Próximo a essas áreas, o estudo propõe as melhorias viárias previstas no "Apoio Urbano Sul" da Lei 16.541/16, que, inclui o alargamento de vias fora do miolo comercial, como as Avenidas do Estado e Celso Garcia.
Para Antonio Claudio Fonseca, professor de Urbanismo da Mackenzie, o pedestre e o transporte público devem ser prioridade. Além disso, possíveis mudanças e restrições podem ser possíveis desde que não exclua quem realmente precisa do transporte por carro, como pessoas com dificuldade de locomoção ou que usam o automóvel na exercício de sua profissão.
Dentre os estudos de transporte público para a área, está um projeto de Linha Circular de bonde, desenvolvido pelo escritório Jaime Lerner e anunciado pelo ex-prefeito João Doria (PSDB) em 2017. O veículo passaria em dois circuitos, que envolvem espaços culturais, polos comerciais e outros pontos atrativos do centro, estando conectados às estações de Metrô e trem, além dos terminais de ônibus, do entorno.
Quais são as próximas etapas?
Após a consulta pública, feita paralelamente com reuniões com entidades associações, a Secretaria Municipal de Licenciamento e Urbanismo, elaborará o PIU Setor Central, que passará por nova consulta popular e, então, será discutido em audiências públicas. A ideia é ter a versão final em dezembro, a qual deve, depois, ser enviada para votação na Câmara Municipal de Vereadores no segundo semestre de 2019.
Além do Setor Central, outros 13 PIUs estão em processo de proposição, andamento ou implantação na cidade, com focos distintos, que vão da Vila Leopoldina, na zona oeste, aos terminais de ônibus Capelinha e Campo Limpo, na zona sul, e Princesa Isabel, no centro.
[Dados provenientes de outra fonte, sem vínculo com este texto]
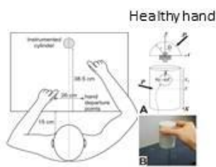
Figure 1: Experimental setup

Five adults with amputation of the upper limb above and below the elbow participated in this study. Each participant was seated and asked to grasp and lift an instrumented cylinder with the healthy hand 15 times (Figure 1). The cylinder enabled to record in real time the opposition axis (the OA, in a precision grip is defined as the line connecting the final position of the thumb and index fingers on the object) as well as the forces applied during the gripping period of 2000 msec. The participants were assessed during the temporary (PP) and definitive (PD) phases of prosthesis fitting after the amputation. Student t-tests were used to determine the effect of different prosthetic phases on the force and orientation of the gripping hand.

No caso do PIU Setor Central, até as 12 horas de quinta-feira, 26, apenas três pessoas haviam tido a contribuição aprovada na consulta pública. Dentre os temas comentados, estão a exclusão do Bexiga da área de atuação do projeto, incentivos para restaurar bens tombados, iniciativas para acolher a população em situação de rua e ampliação de ciclovias.